One thing I’ve learned about “Nicodemus, 2.0” is that I’m not driven by the same things I used to be. I can relate to Paul. In Philippians, he remembered how much his powerful background once meant to him:
“If others have reasons for confidence in their own efforts, I have even more!I was circumcised when I was eight days old. I am a pure-blooded citizen of Israel and a member of the tribe of Benjamin—a real Hebrew if there ever was one! I was a member of the Pharisees, who demand the strictest obedience to the Jewish law. I was so zealous that I harshly persecuted the church. And as for righteousness, I obeyed the law without fault.” (Philippians 3:4-6)

That sounds just like me... and so do the next verses: “I once thought these things were valuable, but now I consider them worthless because of what Christ has done. Yes, everything else is worthless when compared with the infinite value of knowing Christ Jesus, my Lord. For his sake, I have discarded everything else, counting it all as garbage, so that I could gain Christ and become one with Him.

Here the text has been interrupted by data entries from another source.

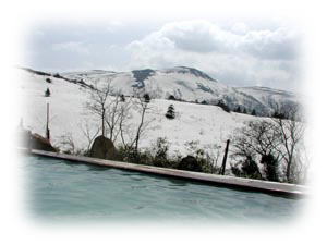 お湯は透明に近いがやや青みがかっている。露天風呂には10名ほどが入っていたが、湯船がとても大きく全然混んでいる気分にはさせられない(ちなみに内湯もほぼ同じ大きさ)。あたりの風景はなかなかに絶景。雪のたっぷり付いた栗駒山方面を眺めつつ足を伸ばしてゆったり入れる。中にはしっかりビールを持ち込む人もいたが、販売機は脱衣場の外なので、今さらおいそれと買いに行くわけにもいかず諦める。
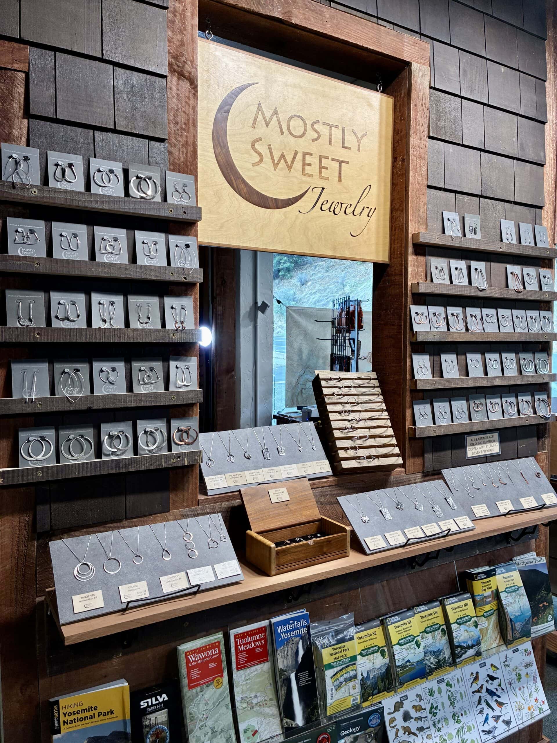 Enjoy handmade hoop earrings, crescent moon necklaces, Yosemite-inspired nature designs, and minimalist jewelry essentials in Mariposa, Ca. Each piece is carefully handcrafted from precious metals, designed for those who will love it. Words often fall short of expressing the joy felt when artistic vision transforms into a solid precious metal piece. This satisfaction is only surpassed by seeing someone wearing their Mostly Sweet Jewelry with love—day after day, never wanting to take it off.
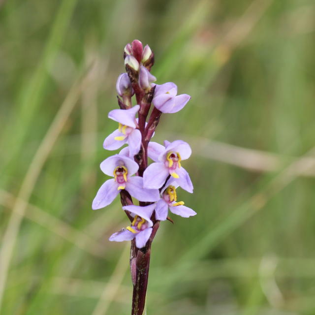 Found in Angola, Zambia and Natal South Africa in wet dambos at elevations around 1400 meters as a small to medium sized warm to cool growing terrestrial with a slender stem carrying 3 to 8, lax to imbricate, lanceolate, acute, grading smaller above leaves that blooms in the late spring on an erect, terminal, [7 to 18 cm] long, lax, 10 to 30 flowered inflorescence with narrowly ovate, acuminate, as long as the ovary floral bracts.
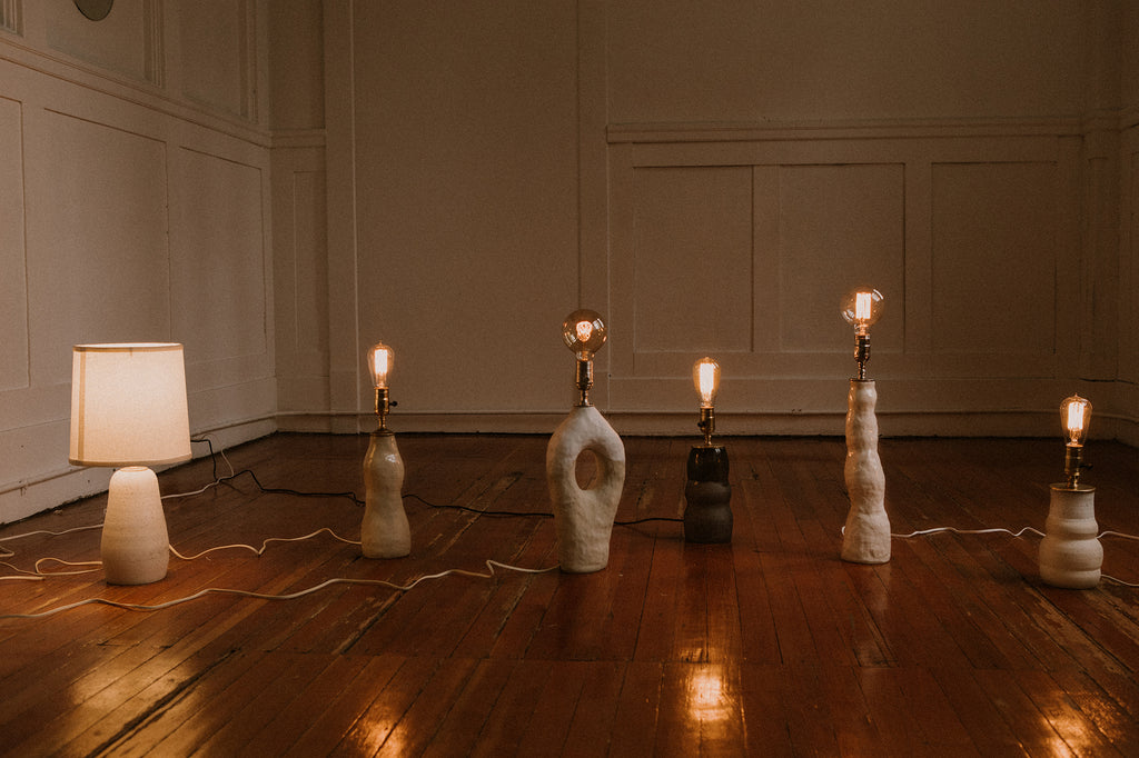 Nude handmade exposed lamp.
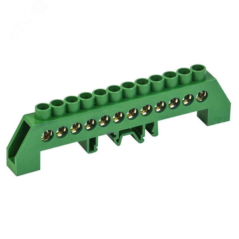 Шина PE ''земля'' в комбинированном зеленом изоляторе на DIN-рейку 6x9 мм 12 групп
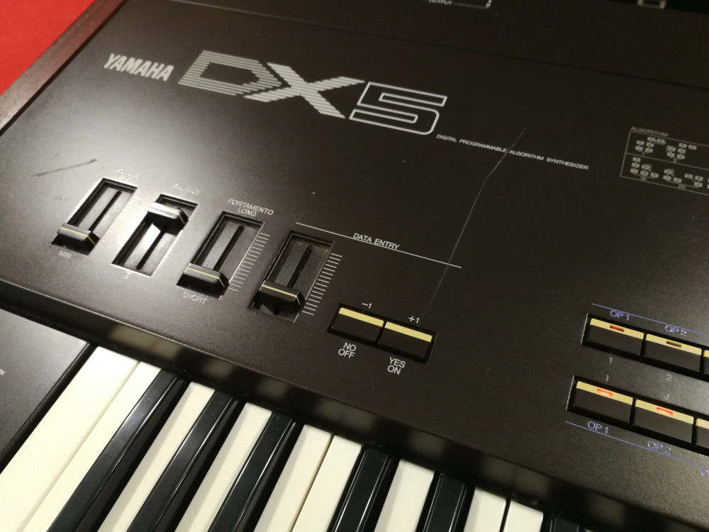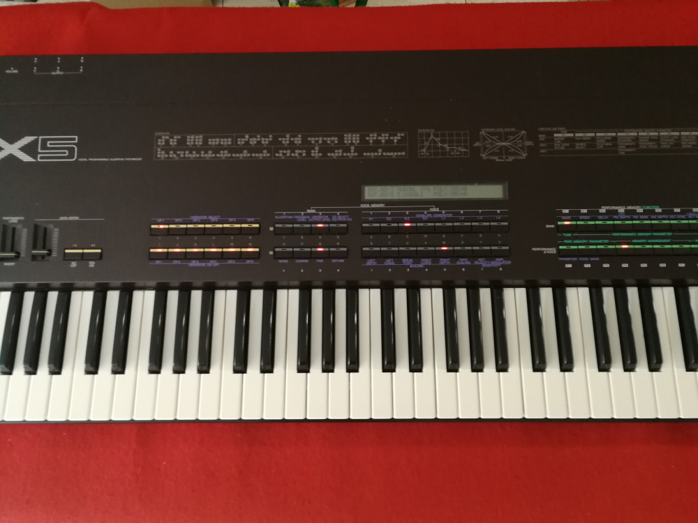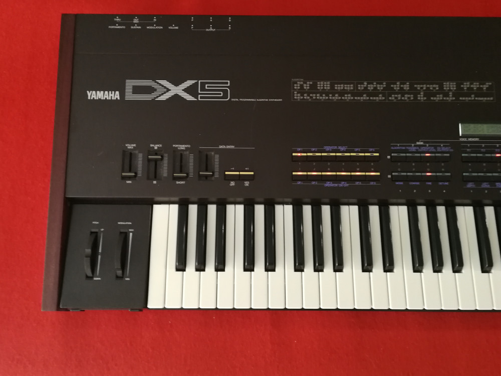 Sintetizador de síntesis FM. Tiene alguna marca de uso pero funciona perfectamente. Incluye 2 cartuchos: DX Data RAM y Voice ROMy pedal

I no longer count on my own righteousness through obeying the law; rather, I become righteous through faith in Christ.” (Philippians 3:7-9)

The “new me” became so much less concerned with what people thought and so much more concerned with what Jesus thought!

That’s why, on the day Jesus was crucified, I knew I needed to make a stand. My new friend Joseph of Arimathea and I were not included in the (unlawful) decision to try Him at night or execute Him without a proper hearing. But when we saw His dead body on the cross, we knew it was time to make a statement. We took His body off the cross and buried it in Joseph’s own tomb. Everyone watched us do it, and there was no going back. At that moment, they all knew that we were Jesus-people.

Neither of us really knew what that meant. I don’t think we expected Him to come out of that tomb. Both we decided that we had seen enough. Jesus was TRUTH, and truth demands a response, no matter how much it costs. So at a moment when everyone else was running away, we took a step into the light and embraced Jesus.